Anoche cogimos un taxi a la salida del trabajo porque yo había dejado el utilitario en el garaje. Nos recogió un hombre de unos cuarenta y pico, alto, delgado, moreno y con la cabellera en retirada. Al menos ése es el aspecto que intuí desde el sillón de atrás, con la escasa claridad que proporcionaban las luces de la calle. Un tipo normal, salvo por su acento latinoamericano.
Le informamos de la dirección a donde debía llevarnos y él nos apuntó que acababa de ocurrir un accidente en la avenida marítima. Nos sugirió que tiráramos por dentro; es decir, que fuéramos callejeando en lugar de coger la autovía que bordea la ciudad.
«¿Saben? Éste es mi tercer día como taxista», nos comentó.
La confidencia tuvo la virtud de acortar distancias entre nosotros y provocó que mi compañero de viaje aprovechara la coyuntura para preguntarle por su origen: «¿Colombiano quizá?»
«No, venezolano», contestó. «Venezolano, pero con pedigrí canario», precisó.

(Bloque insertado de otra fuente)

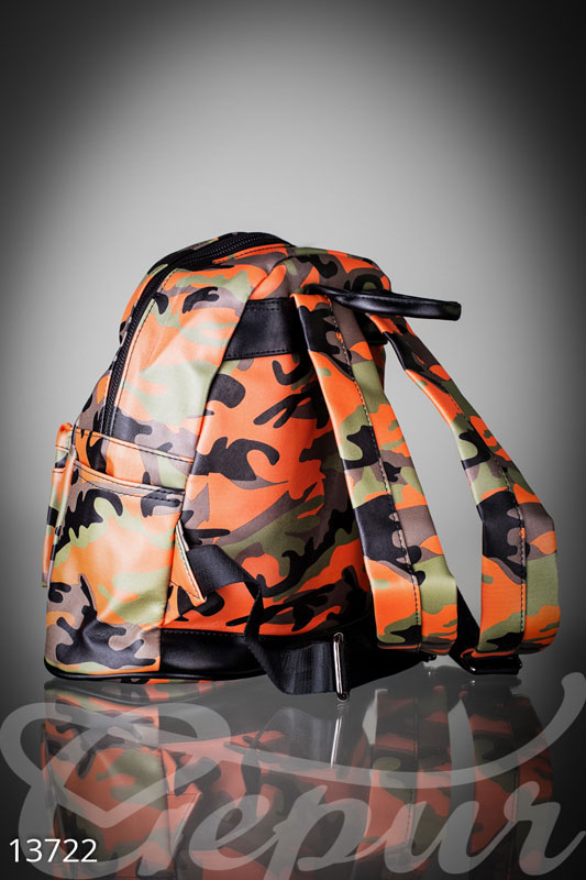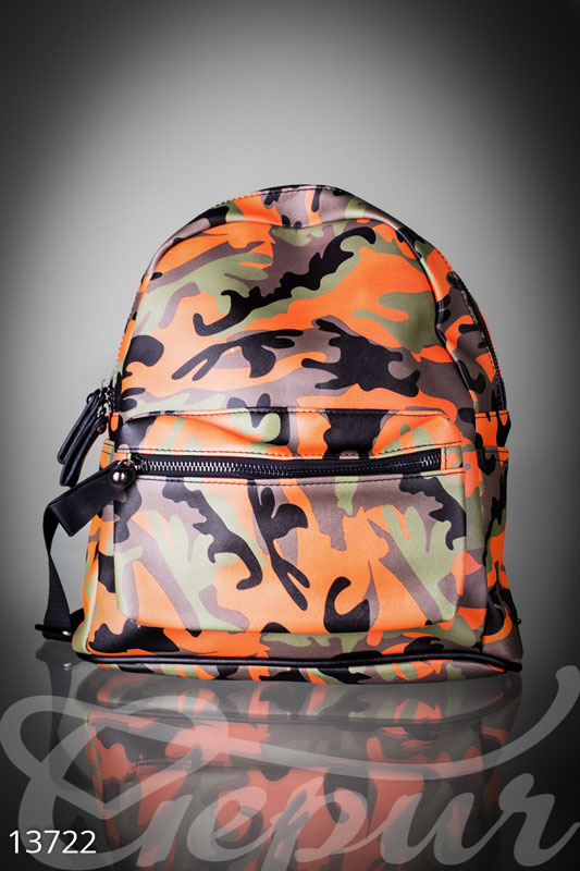 Яркий рюкзак расцветки милитари с регулируемыми лямками на плечи. Два отделения: небольшой карманчик на молнии с внешней стороны и большое отделение на молнии. Внутри большого отделения маленький карманчик на змейке и два карманчика для мобильного телефона. Рюкзак очень удобно брать на учебу, на прогулку или в поездку. Материал: экокожа Размеры: высота - 32 см, ширина - 35 см, глубина по донышку - 14.5 см, высота ручек - 9 см Цвет: цветной (хаки, оранжевый, черный)

Luego aclaró que sus padres habían emigrado en los 50 y que él llevaba seis años en Canarias, que se encontraba muy bien, en fin… Yo le comenté que tenía parientes en Argentina, unos parientes, por cierto, a los que no conozco porque descienden de un hermano de mi abuelo que émigró hacia principios del siglo XX, y ya ha llovido mucho desde entonces.
A lo mejor no era ésa su intención, pero la aclaración de que tenía «pedigrí canario» me sonó a postura defensiva, como decir: oiga no se vaya usted a creer que soy extranjero extranjero; sí soy extranjero pero menos.
Y como me pasa a menudo, tomé esa premisa como cierta y me fui pensando en sus razones: Quizas el hombre había sufrido algún que otro capítulo de xenofobia y temía que le fuéramos a salir con aquello de ‘parece mentira un venezolano con empleo con tantos canarios que hay en el paro’, o, simple y llanamente, se enorgullecía de sus orígenes.
Aparte de dura, la vida de una familia de emigrantes debe ser emocionante. Imaginemos a los padres de mi protagonista en el momento de su partida. Son los años 50. No hay más medios de comunicación que el correo y el teléfono y éste último es caro y engorroso. La idea de que la familia pueda hacer una escapadita para verlos es, en principio, una quimera. Se marchan sin saber si volverán a ver a sus seres queridos o a pisar su tierra. Cuarenta años después su hijo conduce un taxi por las calles de la ciudad que abandonaron -quizas procedían de otra isla, no lo aclaró-.
Durante el trayecto hablamos de acentos y yo, para agradar, le dije que me gustaba mucho el suyo, que sonaba muy dulce. Él se soltó un poco y nos contó que a su padre le preguntaban en Venezuela que si era cubano y que en todos los años que llevaba en aquel país no había perdido el deje canario. «Se te pegan los modismos, pero no pierdes el acento. Yo ya llevo seis años aquí», señaló.
Pensé que hablaba con conocimiento de causa, porque había heredado el oficio de emigrante de su padre y debía saber mucho sobre acentos en tierra extraña.
(Foto: La foto es de Gracey/Morguefile y, desde luego, no es el taxi de mi chófer con pedigrí. Anoche no llovía)
Ruymán
Lo triste es que aciertes con tu razonamiento -acento sudamericano y actitud defensiva- y haya acabado viviendo como un emigrante en la tierra de sus padres, como, por desgracia, le ha ocurrido a otros muchos canarios retornados desde Venezuela, tras el deterioro social del país.